HollyAnna DeCoteau Pinkham
HollyAnna is a member of the Yakama Nation. Also of Nez Perce, Umatilla & Cree Nations ancestry. Employed by Homeland Security ~ Emergency Management as an Emergency Management Planner. Currently in her twenty-fifth year of employment in the field of Public Safety, has served as Wildland Firefighter, Structural Firefighter, Emergency Medical Technician, Search and Rescue, Police Officer. A four time cancer survivor, advocate for Rural Health care, Sovereign Rights, Indigenous Rights, Social Justice and intellectual Property. She is also a Professional Artist, Musician: Medicine Fiddle, Metis Fiddler, Classical Violin, makes and plays her own Traditional flutes, Indian Language Instuctor, hunts, fishes, beadworker, basket maker and loves roller derby.
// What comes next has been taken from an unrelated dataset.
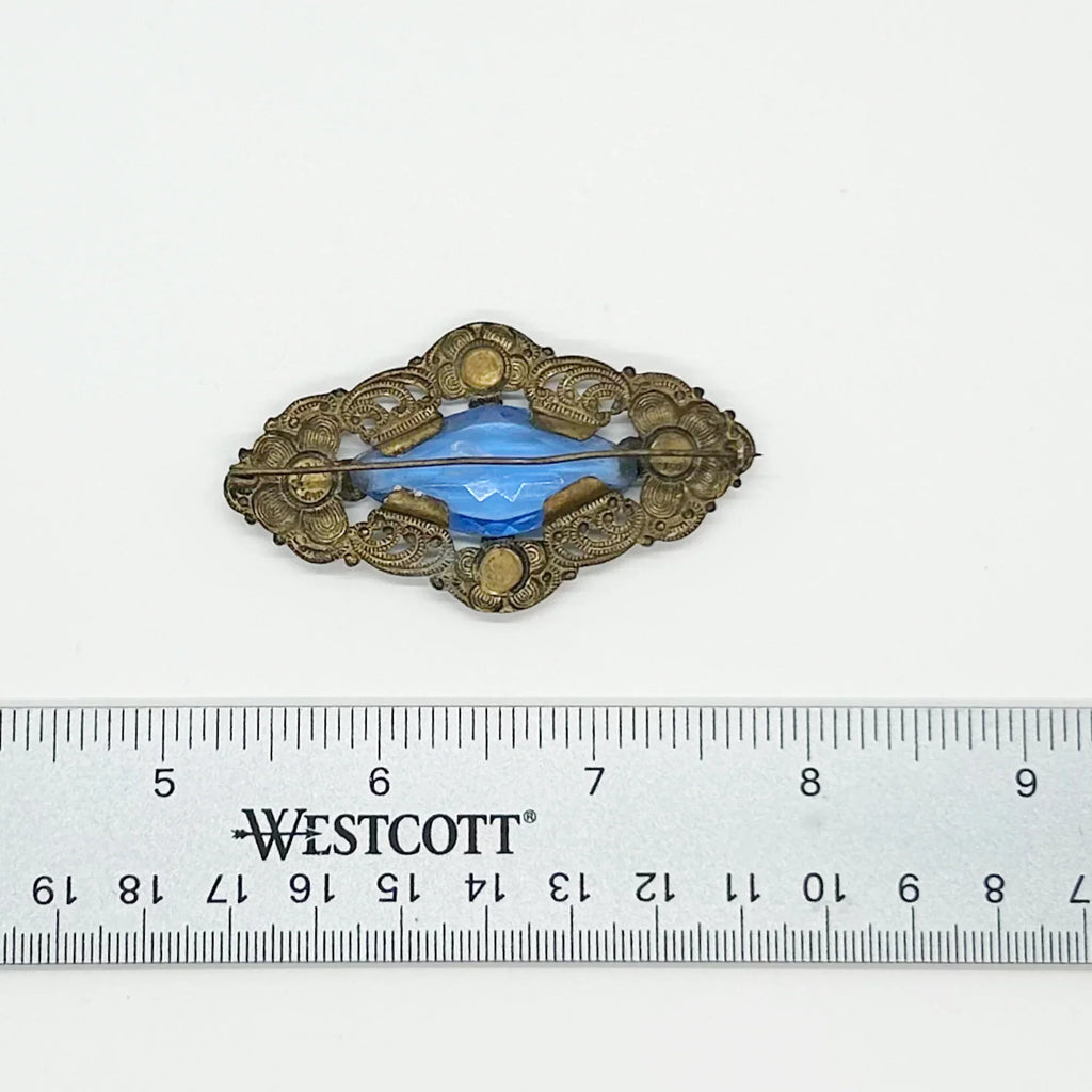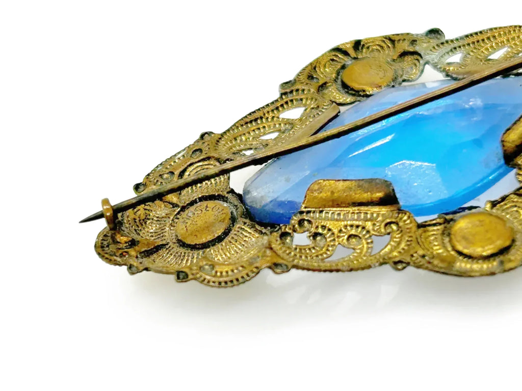 Vintage Filigree 1800s Victorian Brooch Pin with Blue Stones

She was recently named Ambassador to the Aymara Nation.
Ryan Crafts
Ryan moved 3000 miles to Yakima from the Gulf Coast days after graduating med school. He grew deep roots in this fertile, diverse community and after residency, had to stay. After working nearly 7 years in the "real world" at a local hospital-owned clinic, he started donating medical care to people through an email-house call concierge type system. The last 2.5 years he has volunteered full time at the Union Gospel Mission's free medical clinic. Life as a clinician is very different inside a clinic powered by micro donations and gifts. The contrast between the real world and the barrier-free UGMC is, in a way, "too good to be true". Between clinics, he enjoys growing food and dreaming up novel ways to create abundance.
Robert V. Taylor
Robert believes that disillusionment should be welcomed in our lives as an incubator of new thinking, renewed purpose and personal growth. He believes that embracing disillusionment allows us to step beyond the assumptions which enclose us from imagination, creativity and compassion. Robert is a Thought Leader, Author, Teacher and Speaker.
Yesenia Navarrete Hunter
Yesenia believes in Building Community through Participatory Music! Yesenia Navarrete Hunter was raised in the Yakima Valley in a migrant family and spent her spring and summer days harvesting vegetables and berries alongside her siblings. Yesenia shares her story of how belonging to a group of people that practices participatory music shapes community, family, and the sense of self.